Wykazanie własnej przydatności:
Tym sposobem dochodzimy do kolejnego punktu: posiadanie stanowiska zarządzającego w dużej firmie niestety nadal oznacza, że mamy kogoś nad sobą. Tym kimś może być właściciel, rada nadzorcza (i zgromadzenie akcjonariuszy), fundusz inwestycyjny, wierzyciele albo państwo. Jeśli firma cienko przędzie, jej dochody zmniejszyły się lub konieczne są działania ratownicze należy w jakiś sposób uzasadnić swoją w niej obecność. Inaczej możemy pożegnać się ze swoim stanowiskiem.
Jednym ze sposobów jest rozpoczęcie znacznego, efektownego projektu, którego zadaniem ma być rzucenie na kolana naszych przełożonych i olśnienie ich przyszłym zyskiem. Jeśli projekt się uda, to jesteśmy uratowani…
Jeśli się nie uda…
To wbrew pozorom lepiej jest spadać z wysokiego konia. Duże projekty to duże ryzyko. Nikt nie jest w stanie z góry przewiedzieć ich sukcesu lub porażki. Klęska w realizowaniu takiego nie jest wiec żadną porażką. W odróżnieniu od klęski w codziennym zarządzaniu.
Maksymalizacji zatrudnienia:
Zachowanie typowe dla polskiej strefy kultury, włączając TVP od czasów najdawniejszych, po dzień dzisiejszy. Zasadniczo, jeśli w czymś tylko są pieniądze dużych, państwowych molochów, jak TVP czy Polski Instytut Filmowy, to natychmiast traci to jakiekolwiek, racjonalne podstawy, a działalność zmienia się w misję. Misją tą nie jest tworzenie produkcji, które odniosłyby sukces, zarabiałyby na siebie, miały wartość edukacyjną, wychowawczą lub rozrywkową czy też komukolwiek się podobały. Ich celem jest zatrudnienie jak największej ilości ludzi i danie im zarobku.
Oczywiście nie dzieje się to w sposób jawny i zwerbalizowany, szefostwo bowiem pewnie myśli, że faktycznie realizuje misję artystyczno-kulturalną. Jednak niższe kierownictwo, poruszające się w świecie niepewnego zatrudnienia najpewniej nie ma takich złudzeń. Wie, że jeśli zrobi komuś przysługę, to ktoś zrobi przysługę jemu.
A branża artystyczna i kultury jest najniżej wynagradzaną branżą w Polsce. Co więcej pracuje się tam od projektu do projektu.
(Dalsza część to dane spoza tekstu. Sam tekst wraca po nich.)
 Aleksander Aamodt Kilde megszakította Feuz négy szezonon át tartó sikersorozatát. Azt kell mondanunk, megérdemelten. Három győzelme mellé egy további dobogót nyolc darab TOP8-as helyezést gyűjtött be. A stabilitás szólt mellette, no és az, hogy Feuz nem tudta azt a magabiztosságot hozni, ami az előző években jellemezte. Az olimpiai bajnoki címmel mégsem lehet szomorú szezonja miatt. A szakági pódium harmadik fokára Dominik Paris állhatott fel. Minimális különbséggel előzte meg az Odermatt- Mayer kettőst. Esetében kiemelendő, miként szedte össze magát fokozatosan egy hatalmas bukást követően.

Stad, zamiast racjonalnie spożytkować budżet i stworzyć jeden, porządny sezon, tworzy się tasiemce liczące po 40 odcinków.
Podsumowując:
Cokolwiek by fanboje (sic) nie mówili: nie ma dowodów na to, by wielkie firmy, korporacje i inne instytucje, mimo posiadanych zasobów korzystały z tych ostatnich. Nie ma też dowodów, by znały swoich klientów, kierowały się ich interesem lub gustem, a tym bardziej, żeby w ogóle kierowały się rozumem i godnością człowieka.
Tak naprawdę nie ma dowodów na to, by kierowały się nawet interesem firmy.
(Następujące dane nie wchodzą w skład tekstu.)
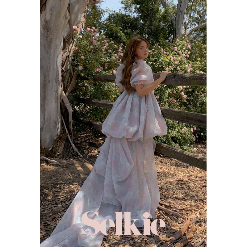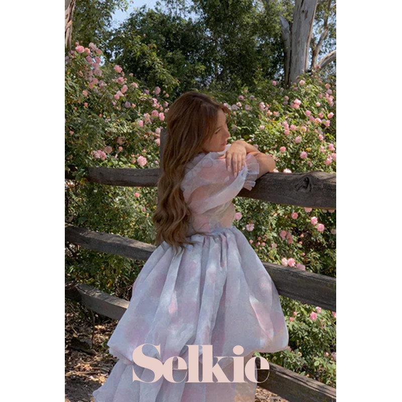 经典 婚纱拖尾Selkie 礼服 前短后长 collection 白底斑斓印花
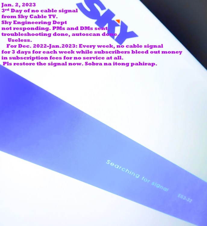 Dec. 2022-Jan.2023: Every week, no cable signal 3 days each week, subscribers bleed money dry in subscription fees.

Nawet najwięksi popełniają błędy.
A że takie produkty często się sprzedają? No bądźmy szczerzy: to podaż rodzi popyt. Podaż i miliony budżetu marketingowego.
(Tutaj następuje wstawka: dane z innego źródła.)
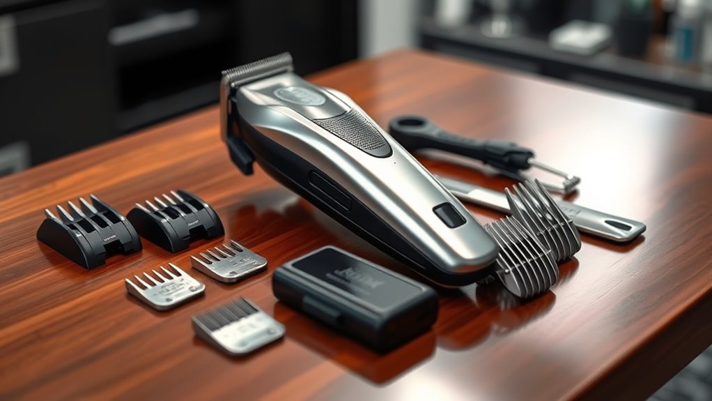 A versatile cordless hair clipper kit should include a variety of attachments to handle different styling needs. Look for multiple guide combs and adjustable blades that suit various hair lengths and styles, giving you flexibility. Make sure the attachments are made from durable, high-quality materials like stainless steel or ceramic for longevity and precise cuts. It’s also helpful if the kit offers specialized heads, such as taper, fade, or beard trimmers, to expand your styling options. Ease of use matters, so check if attachments are easy to swap and lock securely for safe, efficient grooming. Additionally, waterproof or washable attachments make cleaning simple, ensuring your tools stay in top condition and ready for every session.

Niezły wspis, o prawie wszystkim z opisanych już wiedziałem, ale miło mieć wszystko w jednym miejscu i zgrabnie podsumowane. W dwóch drobnych kwestiach zgłaszam zdanie odrębne:
„Korona królów” z pewnością nie odniosła sukcesu dzięki paradoksalnej promocji Wyborczej. Czytelnicy Wyborczej nie interesują się takimi serialami, a i wątpię, czy w ogóle za dużo oglądają TVP. Poza tym jestem prenumeratorem tego pisma, i żadnej nagonki z ich strony nie zauważyłem. Może Ci się mieszać z mediami Lisa, czyli Newsweekiem i NaTemat. Oni istotnie zachowują się jak maniacy. Na łamach Wyborczej wypowiadali się zresztą twórcy serialu, którzy zaprzeczają Twojej tezie, że serial był robiony na polityczne zamówienie, i ja im wierzę, to nie żadni PiSowcy, tylko zawodowi dostawcy bezrozumnej rozrywki. Ich planem było zrobienie historycznej telenoweli, plan się udał. To nie pierwsza ani nie ostatnia telenowela w tym kraju, którą oglądają miliony, owym milionom polityka kompletnie wisi. Kurski zaczął robić z „Korony królów” Dzieło Narodowe już po fakcie i w ten sposób rozdmuchał tę sprawę do absurdalnych rozmiarów.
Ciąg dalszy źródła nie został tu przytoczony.